# Assignment
Only the lines below from the one with "Vue d'ensemble, de face, depuis la rue." through the one with "Кадр из фильма" are to be written out, exactly and without any images.

** Opening Working data block **

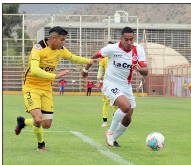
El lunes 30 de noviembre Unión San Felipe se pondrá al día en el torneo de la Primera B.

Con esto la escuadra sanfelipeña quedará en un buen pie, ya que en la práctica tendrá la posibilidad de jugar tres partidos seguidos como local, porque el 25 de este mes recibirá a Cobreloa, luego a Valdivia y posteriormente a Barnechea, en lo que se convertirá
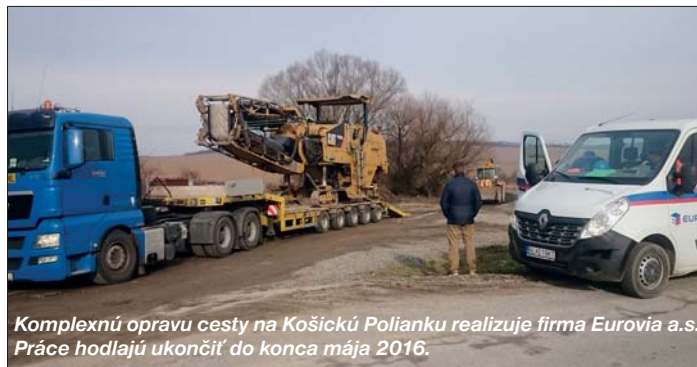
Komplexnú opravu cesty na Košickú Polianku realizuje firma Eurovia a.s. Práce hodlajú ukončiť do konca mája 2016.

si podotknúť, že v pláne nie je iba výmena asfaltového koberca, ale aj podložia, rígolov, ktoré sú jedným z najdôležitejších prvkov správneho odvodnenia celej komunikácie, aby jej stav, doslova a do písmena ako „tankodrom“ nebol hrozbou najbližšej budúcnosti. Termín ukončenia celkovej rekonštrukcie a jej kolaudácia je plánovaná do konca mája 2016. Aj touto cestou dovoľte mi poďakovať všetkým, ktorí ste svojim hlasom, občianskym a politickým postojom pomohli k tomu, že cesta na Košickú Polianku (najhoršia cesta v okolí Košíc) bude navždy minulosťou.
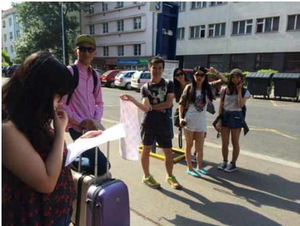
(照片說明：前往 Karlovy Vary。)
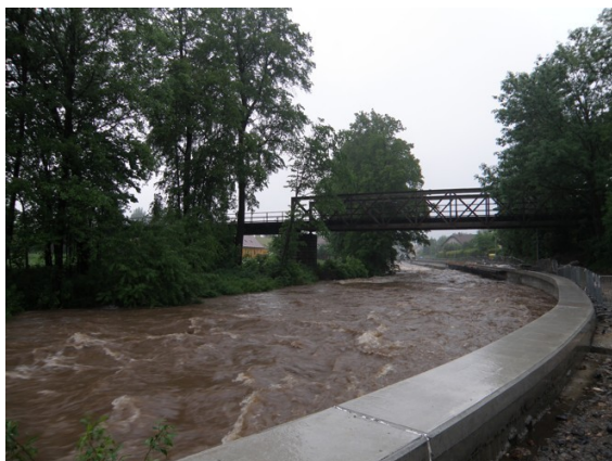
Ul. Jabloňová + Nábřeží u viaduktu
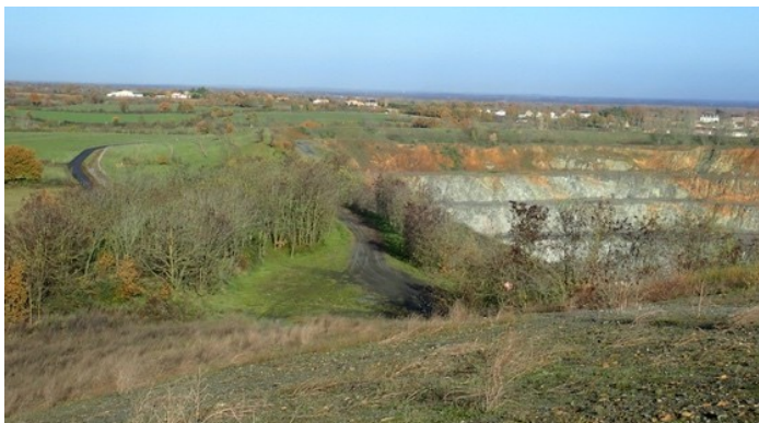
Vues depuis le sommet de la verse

** Closing Working data block **
** Opening Working data block **

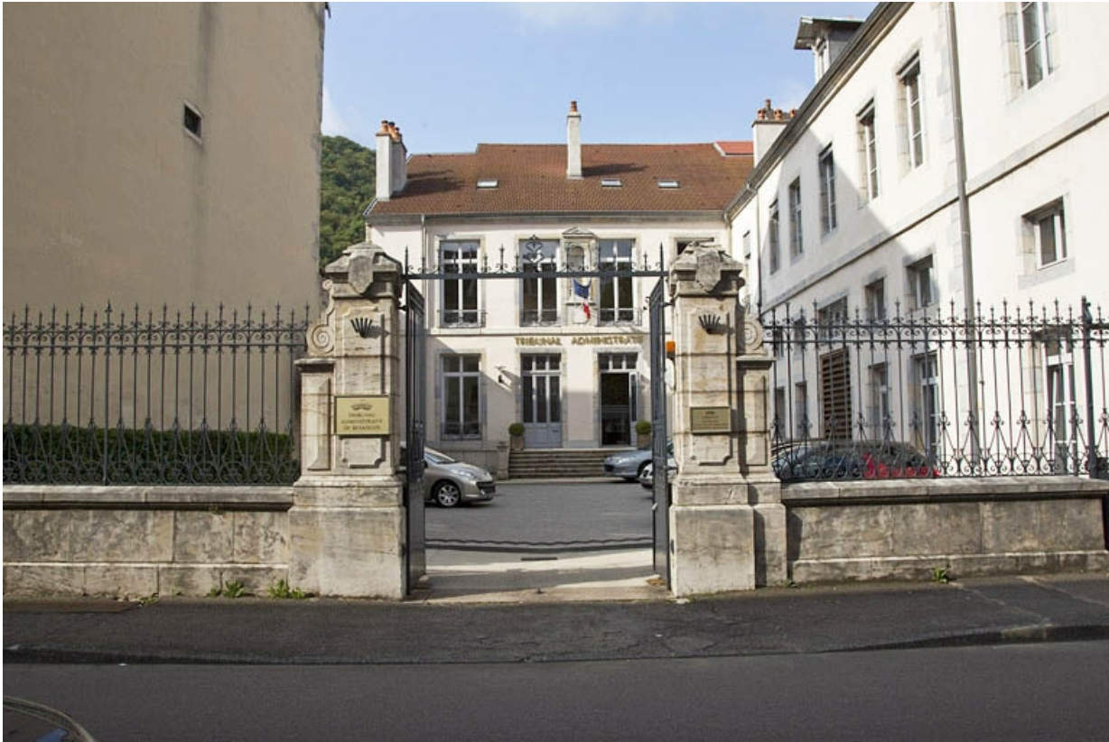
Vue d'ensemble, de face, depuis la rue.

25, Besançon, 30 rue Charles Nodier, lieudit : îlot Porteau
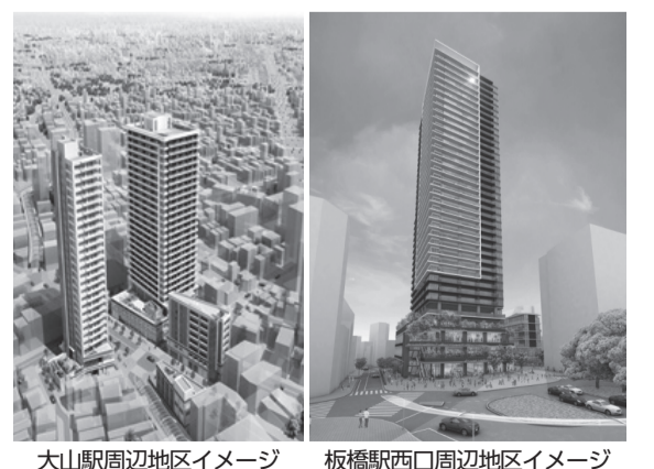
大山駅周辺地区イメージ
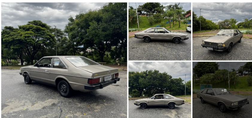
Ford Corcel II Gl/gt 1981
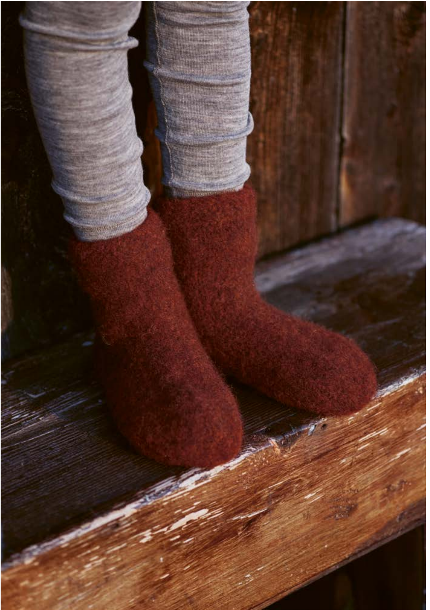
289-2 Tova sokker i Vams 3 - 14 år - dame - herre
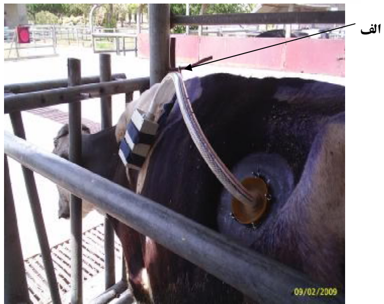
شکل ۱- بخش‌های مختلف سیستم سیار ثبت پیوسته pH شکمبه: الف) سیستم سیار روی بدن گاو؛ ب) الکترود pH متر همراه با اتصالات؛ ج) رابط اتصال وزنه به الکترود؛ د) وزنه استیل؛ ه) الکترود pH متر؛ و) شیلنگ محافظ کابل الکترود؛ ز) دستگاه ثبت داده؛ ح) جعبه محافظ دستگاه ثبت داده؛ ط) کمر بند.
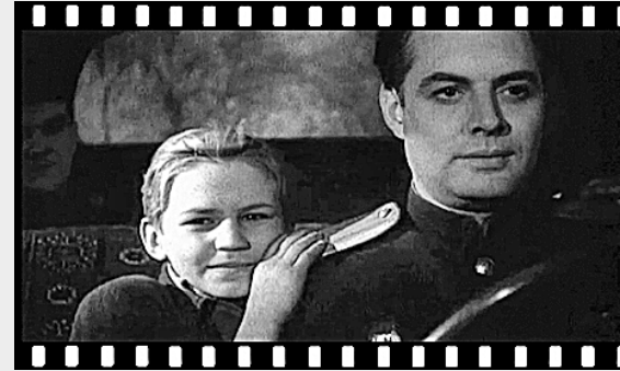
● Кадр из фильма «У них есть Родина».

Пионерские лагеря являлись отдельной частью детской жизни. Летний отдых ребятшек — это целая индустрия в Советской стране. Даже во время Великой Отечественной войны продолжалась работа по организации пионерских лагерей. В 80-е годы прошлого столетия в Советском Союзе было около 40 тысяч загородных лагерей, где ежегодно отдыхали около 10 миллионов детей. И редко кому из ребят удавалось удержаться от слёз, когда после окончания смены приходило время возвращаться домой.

** Closing Working data block **

# Answer for the task
Vue d'ensemble, de face, depuis la rue.

25, Besançon, 30 rue Charles Nodier, lieudit : îlot Porteau
大山駅周辺地区イメージ
Ford Corcel II Gl/gt 1981
289-2 Tova sokker i Vams 3 - 14 år - dame - herre
شکل ۱- بخش‌های مختلف سیستم سیار ثبت پیوسته pH شکمبه: الف) سیستم سیار روی بدن گاو؛ ب) الکترود pH متر همراه با اتصالات؛ ج) رابط اتصال وزنه به الکترود؛ د) وزنه استیل؛ ه) الکترود pH متر؛ و) شیلنگ محافظ کابل الکترود؛ ز) دستگاه ثبت داده؛ ح) جعبه محافظ دستگاه ثبت داده؛ ط) کمر بند.
● Кадр из фильма «У них есть Родина».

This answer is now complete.